Wednesday, October 14, 2015

Eurozone industrial production falls; Wal-Mart predicts lower profits; World's most powerful cities

1 Eurozone industrial production falls (Phillip Inman in The Guardian) Industrial production in the eurozone slumped in August by 0.5%, according to official figures that illustrate the impact of falling demand for Europe’s cars and machine tools in China and the east Asia. The latest figures showed an even bigger drop in the year-on-year growth rate to just 0.9% growth when a rise of 1.8% had been expected.

The weak figures are expected to put pressure on the European Central Bank to expand its stimulus programme when it meets next week in Malta. ECB boss Mario Draghi has hinted that €60bn a month of bond purchases under its quantitative easing plan until September 2016 could be increased in size or extended at the meeting on 22 October.

A 1.1% fall in Germany was more than offset by a 1.6% rise in France, but the weight of declines among Europe’s smaller countries dragged down the total for the currency bloc’s 19 members. A 4.3% decline in the Czech Republic’s industrial output spearheaded a long list of fallers that included the Netherlands, down 1.5%, Denmark (-1.1%) and Spain (-1.3%).

The situation in Germany is unlikely to improve in the next few months, according to analysts who say recent surveys and the Volkswagen scandal will only add to Berlin’s recent woes. The ZEW surveys of economic expectations among business leaders plunged from 12.1 to 1.9 points.

2 Wal-Mart predicts lower profits (BBC) Shares in the world's biggest retailer, Wal-Mart, have plunged after it cut its profit forecast. The company said it expected earnings per share to drop by between 6% and 12% in the next financial year. The announcement sent shares of the company tumbling by 8%, their biggest fall in six years.

Wal-Mart said the lower profit forecast was because it was investing in e-commerce as well as increasing employee wages. The retailer's spending efforts are in part a reaction to slowing sales, and competition from online retailers like Amazon. It is also spending more to train and retain employees. In April, the company raised its base salary to $9 per hour and will increase it to $10 next year.

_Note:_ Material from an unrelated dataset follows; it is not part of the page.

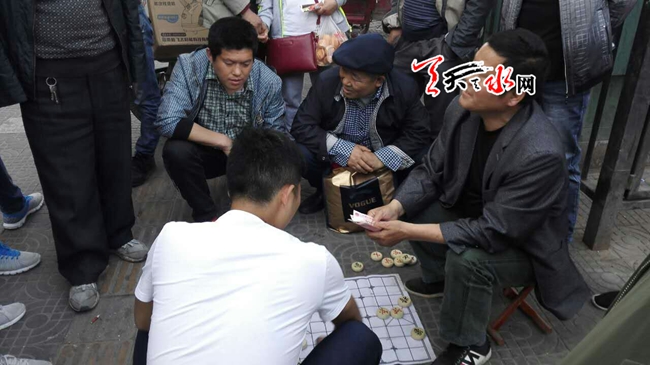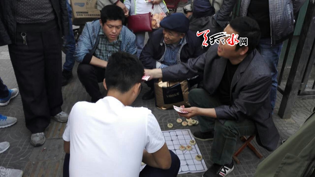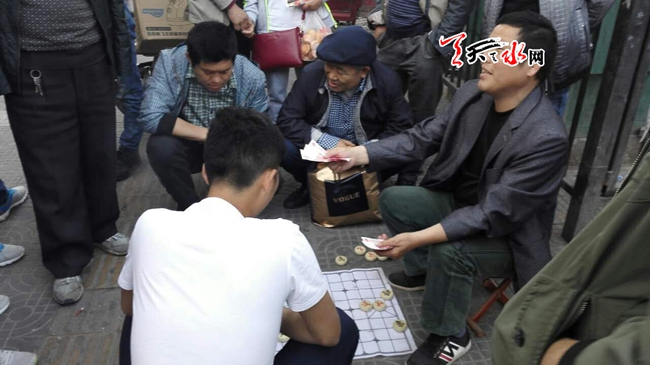 天天天水网29日10时讯【记者 杨旭 王明辉】斗方棋盘,演绎人生。当把象棋这种益智意趣的民间高雅艺术拿到街面上以残局设赌,令人不齿。

Wal-Mart has blamed the fall in part on the strong dollar affecting overseas sales, something that has also affected other US retailers. Profits for the company dipped over the summer as sales in its UK supermarket chain, Asda, declined.The retailer also announced it would repurchase $20bn in shares from investors.

3 World’s most powerful cities (Cleofe Maceda in Gulf News) London is the most powerful city in the world, according to a new survey. The Mori Memorial Foundation’s Institute for Urban Strategies has released the results of its latest Global Power City Index (GPCI) 2015 report, which rates 40 global metropolises according to their desirability or power to attract human capital and businesses from around the world.

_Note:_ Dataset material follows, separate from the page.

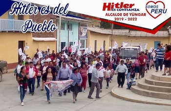 Eslóganes de campaña que aseguran que "Hitler es del pueblo" y "Hitler es confianza" han inundado la localidad peruana de Yúngar, en medio de una carrera por la alcaldía que ha logrado capturar la atención de los medios internacionales por los motivos menos esperados.

The cities representing Europe, Africa, Asia, North America and Latin America were assessed according to six key strengths : economy, research and development, cultural interaction, livability, environment and accessibility.

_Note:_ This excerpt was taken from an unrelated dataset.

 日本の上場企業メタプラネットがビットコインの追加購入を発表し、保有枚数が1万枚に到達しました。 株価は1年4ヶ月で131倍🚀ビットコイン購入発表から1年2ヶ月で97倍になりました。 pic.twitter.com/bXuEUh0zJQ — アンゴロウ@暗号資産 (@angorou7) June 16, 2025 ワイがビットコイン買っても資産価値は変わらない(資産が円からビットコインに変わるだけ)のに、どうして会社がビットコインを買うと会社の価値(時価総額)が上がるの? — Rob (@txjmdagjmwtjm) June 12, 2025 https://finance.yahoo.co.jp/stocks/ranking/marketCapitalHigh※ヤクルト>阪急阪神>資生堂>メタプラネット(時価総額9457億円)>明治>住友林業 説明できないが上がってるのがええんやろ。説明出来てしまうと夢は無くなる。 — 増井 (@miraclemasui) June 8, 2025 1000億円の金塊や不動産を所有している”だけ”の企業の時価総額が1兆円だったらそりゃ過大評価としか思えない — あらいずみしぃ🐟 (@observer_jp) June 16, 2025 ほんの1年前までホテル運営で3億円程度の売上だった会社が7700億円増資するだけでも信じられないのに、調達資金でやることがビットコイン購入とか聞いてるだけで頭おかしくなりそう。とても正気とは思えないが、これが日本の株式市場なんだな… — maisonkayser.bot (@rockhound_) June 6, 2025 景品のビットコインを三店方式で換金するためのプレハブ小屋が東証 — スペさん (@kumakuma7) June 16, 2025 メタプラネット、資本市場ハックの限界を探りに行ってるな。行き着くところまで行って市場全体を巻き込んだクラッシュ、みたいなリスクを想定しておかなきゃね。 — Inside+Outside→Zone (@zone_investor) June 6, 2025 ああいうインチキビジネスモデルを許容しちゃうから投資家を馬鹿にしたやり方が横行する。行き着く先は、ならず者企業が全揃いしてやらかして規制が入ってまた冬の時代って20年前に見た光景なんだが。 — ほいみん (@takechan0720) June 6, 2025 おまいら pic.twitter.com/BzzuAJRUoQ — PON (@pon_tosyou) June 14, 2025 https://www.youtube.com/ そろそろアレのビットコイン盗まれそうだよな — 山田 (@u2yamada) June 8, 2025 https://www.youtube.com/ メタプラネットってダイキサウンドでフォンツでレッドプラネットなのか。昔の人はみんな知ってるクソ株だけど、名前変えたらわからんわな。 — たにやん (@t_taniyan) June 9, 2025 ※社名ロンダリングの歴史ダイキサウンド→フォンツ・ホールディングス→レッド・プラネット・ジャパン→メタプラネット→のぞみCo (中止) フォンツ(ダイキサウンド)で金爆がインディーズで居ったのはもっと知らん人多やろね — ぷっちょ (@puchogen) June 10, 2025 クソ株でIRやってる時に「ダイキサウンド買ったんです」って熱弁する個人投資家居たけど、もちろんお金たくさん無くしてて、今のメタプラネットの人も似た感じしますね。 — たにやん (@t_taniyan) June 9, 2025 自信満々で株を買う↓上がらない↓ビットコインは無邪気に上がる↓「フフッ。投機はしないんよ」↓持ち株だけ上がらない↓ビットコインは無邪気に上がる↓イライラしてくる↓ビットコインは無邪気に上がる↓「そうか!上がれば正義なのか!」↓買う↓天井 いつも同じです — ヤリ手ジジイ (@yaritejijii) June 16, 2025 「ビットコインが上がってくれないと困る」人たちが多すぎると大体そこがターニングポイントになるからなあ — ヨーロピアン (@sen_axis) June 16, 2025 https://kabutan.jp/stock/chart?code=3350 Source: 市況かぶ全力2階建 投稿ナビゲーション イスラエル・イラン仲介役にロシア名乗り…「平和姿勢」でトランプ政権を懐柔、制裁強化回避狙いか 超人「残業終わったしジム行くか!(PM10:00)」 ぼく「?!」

London, which has held the top spot every year since hosting the 2012 Olympic and Paralympic Games, emerged as the overall winner for 2015, followed by New York, Paris, Tokyo and Singapore in the top five. Completing the top ten list are Seoul, Hong Kong, Berlin, Amsterdam and Vienna.

London took the top spot for cultural interaction and did consistently well in most of the other key indicators, ranking second in economy, third in research and development, and second in accessibility. The city, however, needs to improve its livability, taking only the 19th spot in the same category.

In the economy category, which took into account gross domestic product, wage level, total employment, corporate tax rate and total market value of shares on stock exchanges, among others, Tokyo topped the list, making it the most economically powerful city in the world.

In terms of research and development, New York is a clear powerhouse to reckon with. For livability, Paris emerged as the clear winner, while Geneva emerged as the winner in terms of environment. In terms of accessibility, Paris earned the highest score.